Brandi Newby , Kuppuchipalayam K Ramesh
Bacteria of the genus Lactococcus are commonly used in manufacturing dairy products.1 This genus of bacteria is also being investigated for use in the biotechnology industry, as a delivery system for vaccines and other therapies.1 It is rarely considered pathogenic in humans, although several cases of clinically significant Lactococcus infection have been reported. In adults, these infections have included endocarditis, liver abscess, peritonitis, pneumonitis, spondylodiscitis, septic arthritis, osteomyelitis, sepsis, deep neck infection, and brain abscess.2–4 Among pediatric patients, a few cases have been reported, including brain abscess in a 19-month-old child,4 catheter-related bacteremia in a 9-month-old infant,5 and meningitis and septicemia in a 16-day-old neonate.3 This article describes a preterm neonate who experienced a urinary tract infection caused by Lactococcus lactis .
A male infant was born vaginally at 31 weeks gestational age, with a birth weight of 1557 g. * The birth, to a 33-year-old woman, followed premature rupture of membranes and onset of preterm labour.

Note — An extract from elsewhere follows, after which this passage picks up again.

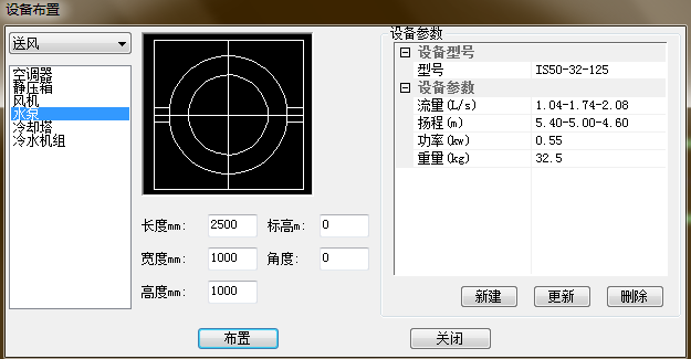 1、選擇需要布置設備所屬的系統(tǒng)和設備類型,可以通過單擊圖形進入圖庫,選擇對應類型的設備圖塊;
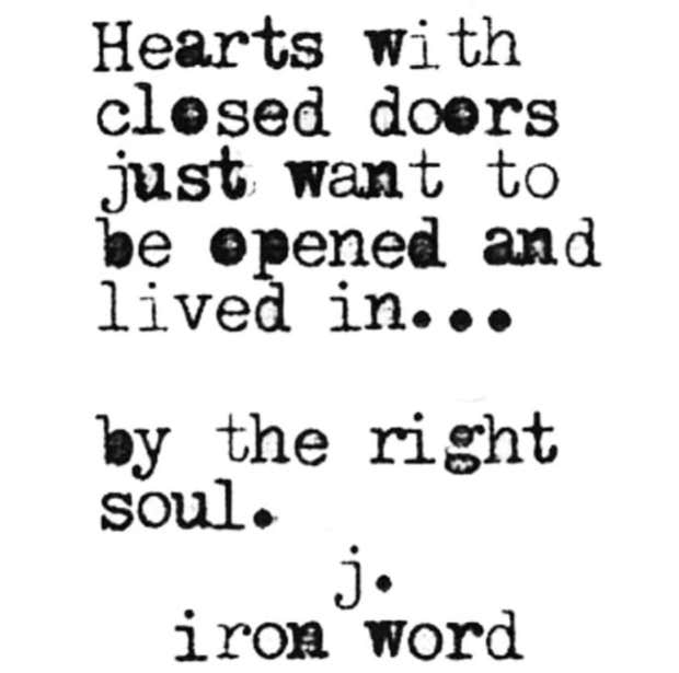 “Hearts with closed doors just want to be opened and lived in… by the right soul.”—J. Iron Word

The infant’s Apgar scores were 7 at 1 min and 9 at 5 min. For the first 13 days, the infant followed a typical course in the neonatal intensive care unit (NICU). He received 48 h of ampicillin and gentamicin therapy starting at the time of birth, intermittent phototherapy until day 6, and total parenteral nutrition until day 8, when full feeding, via nasogastric tube with expressed breast milk and human milk fortifier, was achieved. The infant had occasional apnea, bradycardia, and desaturation requiring only mild stimulation or change of position to resolve. The only remarkable laboratory results in the first 13 days were elevated serum creatinine, which peaked at 106 µmol/L (normal range 10–90 µmol/L) on day 2, and elevated blood urea nitrogen, which peaked at 24 mmoL/L (normal range 2–9 mmol/L) on day 4. Renal ultrasonography was performed on day 6 because of the persistently high serum creatinine and blood urea nitrogen levels. The imaging showed moderate bilateral hydronephrosis, hydroureter, echogenicity of the kidneys, and decreased corticomedullary differentiation in the left kidney. The serum creatinine and blood urea nitrogen declined slowly over the course of the admission, and on day 39 their values were within the normal range (40 µmol/L and 5 mmol/L, respectively).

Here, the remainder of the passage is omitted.